02:36 - So the regular ones are things you’ll find in like libc random or the Mersenne Twister that are meant to be fast.
02:42 - They’re really efficient. They’re just pieces of software.
02:44 - In both cases, they work basically the same though.
02:47 - You take an initial seed number that could be any length somewhere between 32 bits all the way up to 128 bits.
02:56 - And then you stretch that entropy out indefinitely into the future.
03:00 - You could produce the stream of seemingly random numbers from that seed, right? So it’s an entirely predictable set of numbers given that initial seed.
03:10 - And so the distinction between a cryptographically secure random number generator and a not secure one is basically that the regular ones like the Mersenne Twister or libc random or any number of other common implementations will leak information about the internal state and, therefore, the seed as you go along.
03:29 - So there’s really no secure way to use those.
03:31 - They’re never safe to use for security, critical pieces of information.
03:37 - Anytime you actually need secure information, like a crypto key or something like that, you should definitely be using a CSPRNG.
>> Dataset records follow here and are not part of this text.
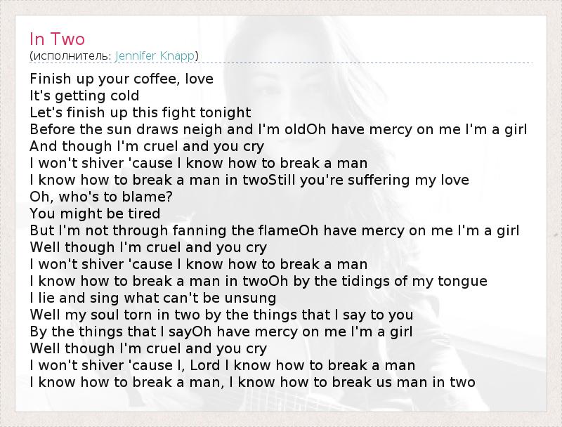 Finish up your coffee, love It's getting cold Let's finish up this fight tonight Before the sun draws neigh and I'm oldOh have mercy on me I'm a girl And though I'm cruel and you cry I won't shiver 'cause I know how to break a man I know how to break a man in twoStill you're suffering my love Oh, who's to blame? You might be tired But I'm not through fanning the flameOh have mercy on me I'm a girl Well though I'm cruel and you cry I won't shiver 'cause I know how to break a man I know how to break a man in twoOh by the tidings of my tongue I lie and sing what can't be unsung Well my soul torn in two by the things that I say to you By the things that I sayOh have mercy on me I'm a girl Well though I'm cruel and you cry I won't shiver 'cause I, Lord I know how to break a man I know how to break a man, I know how to break us man in two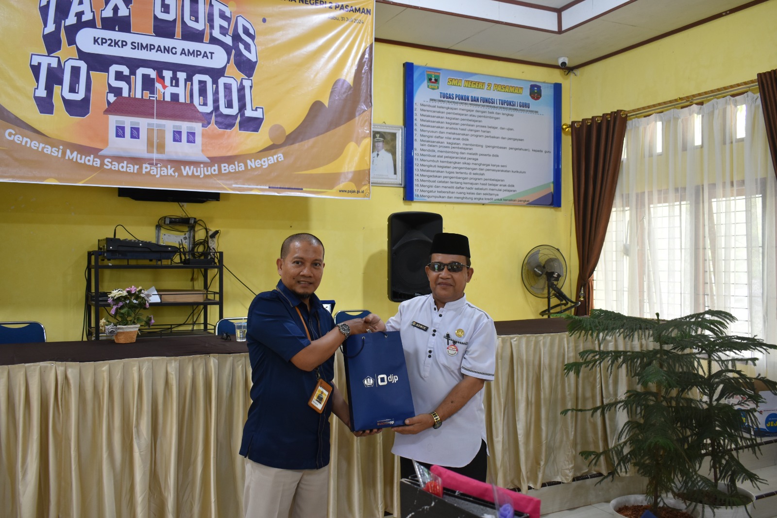Kantor Penyuluhan, Pelayanan, dan Konsultasi Perpajakan (KP2KP) Simpang Ampat mengadakan kegiatan Tax Goes To School (TGTS) di SMA Negeri 2 Pasaman, Pasaman Barat, Sumatera Barat (Rabu, 31/7). Kegiatan ini mengusung tema "Sadar Pajak Bukti Peduli Pada Negeri."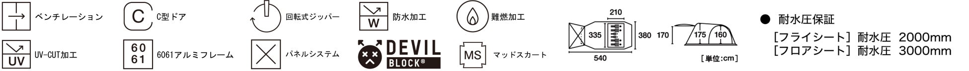 構成 : フライシート、インナーテント、インナーフレーム、リッジフレーム、パネルフレーム、キャノピーポール、ロープ、収納バッグ、フレーム用収納袋、ペグ、ハンマー、小物袋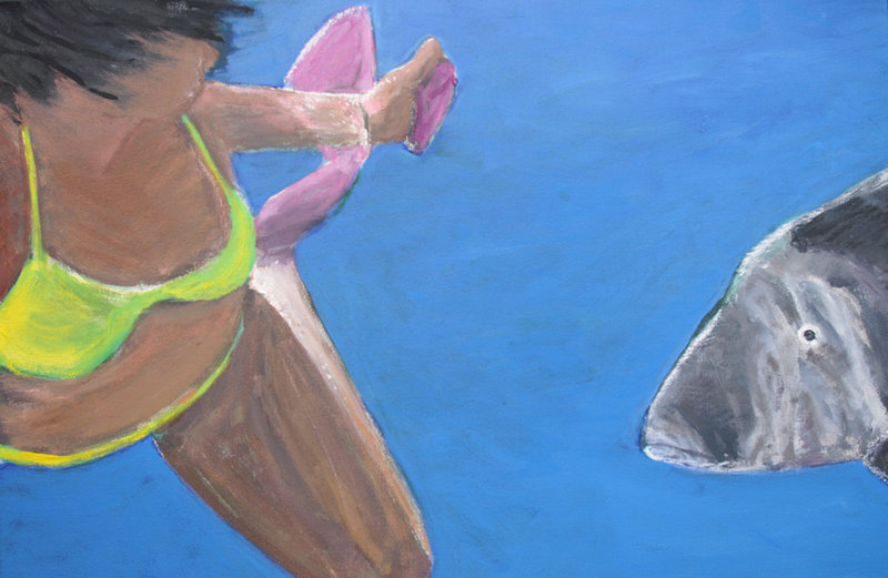 afbeelding in kleur; zwemster verrast door zeebaars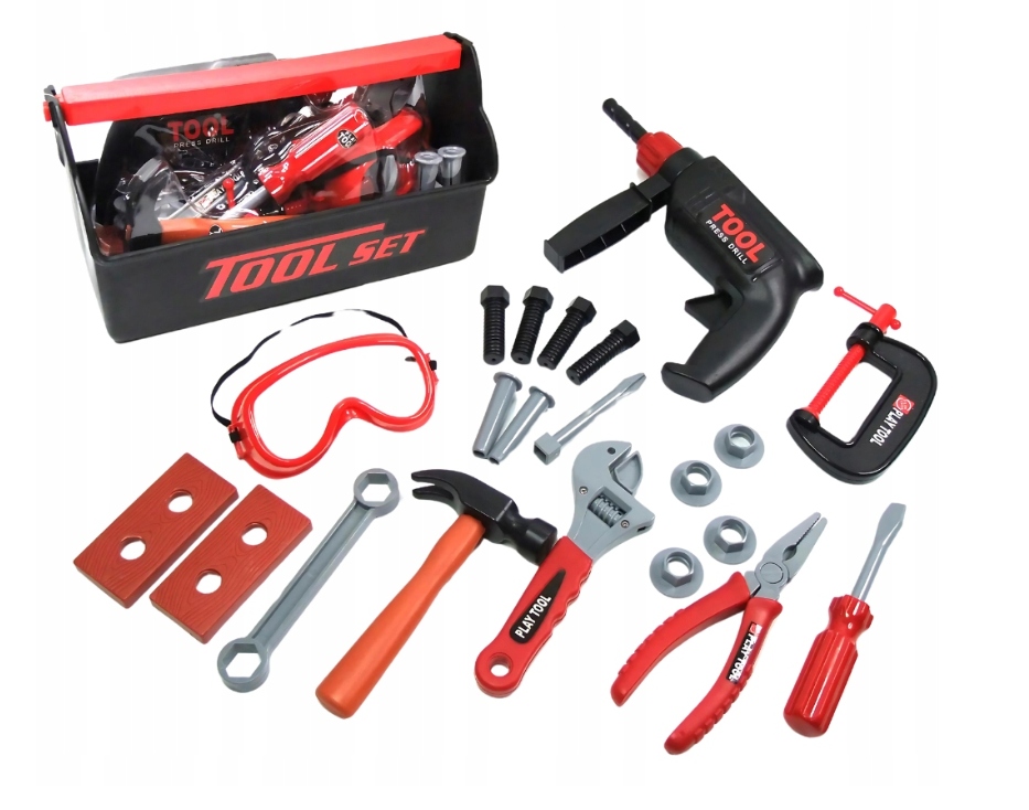 shumee KOMPLET ZA DELAVNICO ORODJE V ŠKATLI VRTALNIK OČALA KLJUČ MERILNI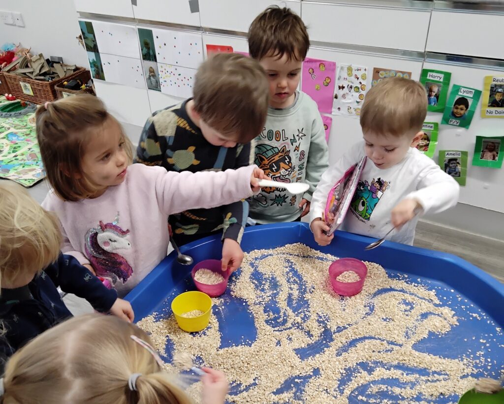 Meanwhile, Puddleducks created a role-play library, learning about caring for books and sharing stories with friends. A special visit to the Pre-Prep library was a highlight, where they designed their own bookmarks and explored sensory materials linked to storytelling.

03:45 - And then the security of the hardware RNG is something that we investigated in this research.
03:51 - One unfortunate part about the design of these hardware random number generators is that there’s not a lot of information known about the details of how they actually work or they’re basically black boxes.
04:01 - So if you wanted to find out about how your favorite IoT device, the hardware random number generator actually works, you’re kind of out of luck.
04:10 - One notable exception is the STM32. Wanna give them a shout out from STMicroelectronics.
04:16 - They actually have really great information about the details of the inner workings of their RNG as well as proof of correctness, a kind of proof of the good quality random numbers that came out of it.
04:26 - But there’s two kind of basic digital designs that you’ll find for how to produce random numbers in hardware, at least in a low cost way that you’ll find in IoT devices.
04:37 - Analog circuits and clock timings. The first one is an analog circuit.
04:41 - So you’re probably more familiar with digital circuits, that is circuits that are gated by a clocking function.
04:46 - Analog circuits are kind of the opposite. There’s no central gate by a clock.
04:51 - So what you can do is set up a analog circuit that sort of looks like the diagram we have here on the top right.
04:56 - And there’s a bit that flows back and forth between these (indistinct) functions.
05:00 - So it’s either a zero or a one and a zero and a one kind of back and forth again, and sort of spins in this infinite loop, going back and forth between zero and one at a function at a rate rather that is not exactly random, but sort of arbitrary.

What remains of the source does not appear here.